Compared with the prior art, the beneficial effects of the utility model are that:
(1) the utility model discloses a second meshing tooth on the first meshing tooth of main shaft, the first internal tooth on the interior double tooth type ring gear, second internal tooth and the fixed gear has constituted the poor mechanism of 2K-H type few teeth, consequently, when magnetic pole drive rotor, will directly drive the poor mechanism operation of few teeth, realizes speed reduction output, has reduced the intermediate drive link, has improved dynamic characteristic and precision.
(2) The utility model discloses a driving method is the same with conventional brushless motor, need not to redesign and develop unique driver to the accessible increases feedback element and drive module, directly makes the integration and directly drives the motor and be used for driving robot joint.
(3) The magnetic pole structure of the stator and the rotor of the utility model is similar to the conventional rotating motor, thus reducing the manufacturing difficulty; and the utility model discloses a drive arrangement's part is few, and processing is simple, and is with low costs.
Other features and advantages of the present invention will be described in detail in the detailed description which follows.
Drawings
Fig. 1 is an isometric view of the overall structure of a drive device according to an embodiment of the present invention.
Fig. 2 is a sectional view of the entire structure of the drive device according to the embodiment of the present invention.
Fig. 3 is a schematic view of a stator core structure according to an embodiment of the present invention.

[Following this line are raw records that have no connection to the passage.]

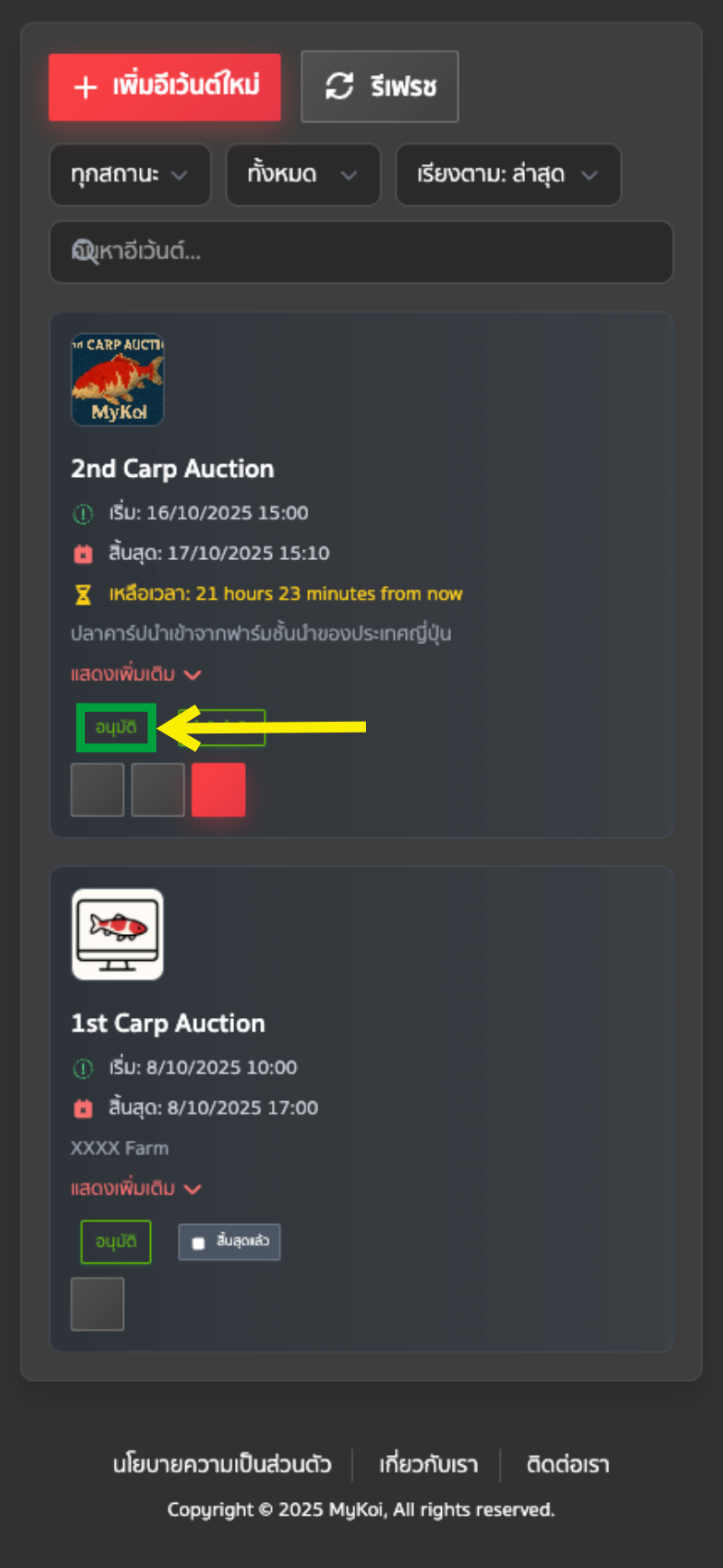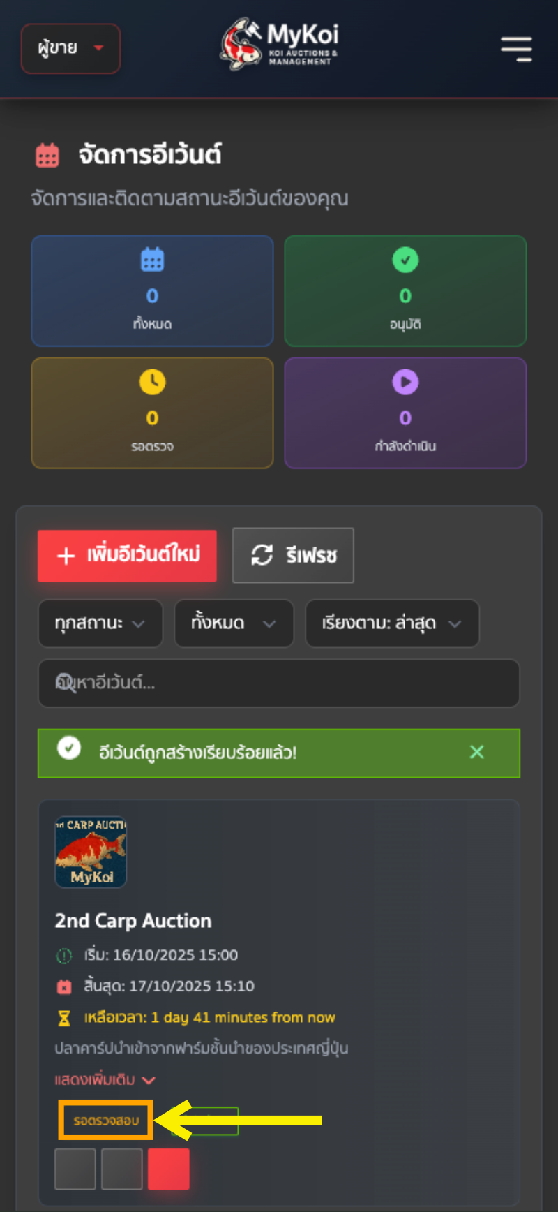 5. อีเว้นต์ที่คุณเพิ่ม จะต้องรอเจ้าหน้าที่ (Staff) ตรวจสอบก่อน สังเกตได้จากตัวหนังสือสีเหลือง เขียนว่า “รอตรวจสอบ” เมื่อเจ้าหน้าที่อนุมัติรายการประมูลแล้ว จะขึ้นตัวหนังสือสีเขียวว่า “อนุมัติ” เป็นอันเสร็จการเพิ่มอีเว้นต์ สำหรับการอนุมัติอีเว้นต์ จะมีเจ้าหน้าที่ตรวจสอบโดยเร็วที่สุด
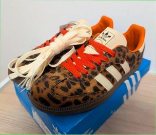Zapatillas Adidas Samba OG W con un llamativo estampado de leopardo. Edición limitada. - Diseño exclusivo. - Cordones naranjas y beige incluidos. - Detalle de las tres rayas blancas.
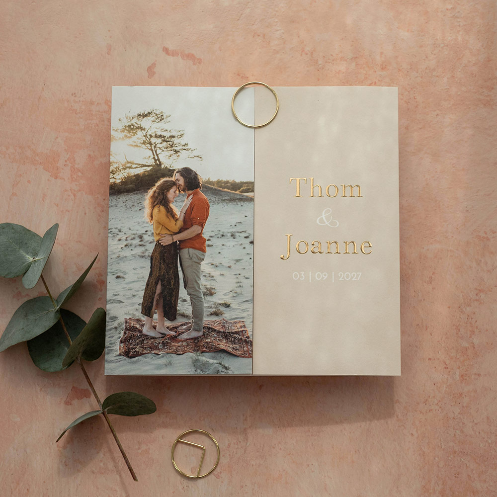 Trouwkaart luikvouw beige foto goudfolie
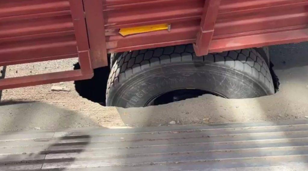 વડોદરા :;શહેરના વિકાસની વાતો વચ્ચે રોડ-રસ્તાની હલકી ગુણવત્તાનો વધુ એક ચોંકાવનારો કિસ્સો સામે આવ્યો છે. આજે, શહેરના અતિવ્યસ્ત મંગલ પાંડે રોડ પર અગોરા મોલની નજીક એક વિશાળ ભુવો પડતાં ભારે હોબાળો મચી ગયો હતો. આ ભુવામાં એક મોટો આઈસર ટેમ્પો અડધો જમીનમાં ગરકાવ થઈ ગયો હતો, જેના કારણે વાહનને ભારે નુકસાન થયું હતું અને ટ્રાફિક જામની સ્થિતિ સર્જાઈ હતી.
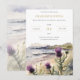 Esta invitación presenta una ilustración original de acuarela digital de cardos que crecen en las orillas de la costa, que es un guiño al mito sobre cómo la flor frustró una invasión vikinga.

Fig. 4 is a schematic structural view of a rotary core according to an embodiment of the present invention, in which (a) is an axonometric view and (B) is a sectional view.
Fig. 5 is a schematic structural view of a permanent magnet according to an embodiment of the present invention.
Fig. 6 is a schematic structural view of an internal double-tooth ring gear according to an embodiment of the present invention.
Fig. 7 is a schematic view of a fixed gear structure according to an embodiment of the present invention.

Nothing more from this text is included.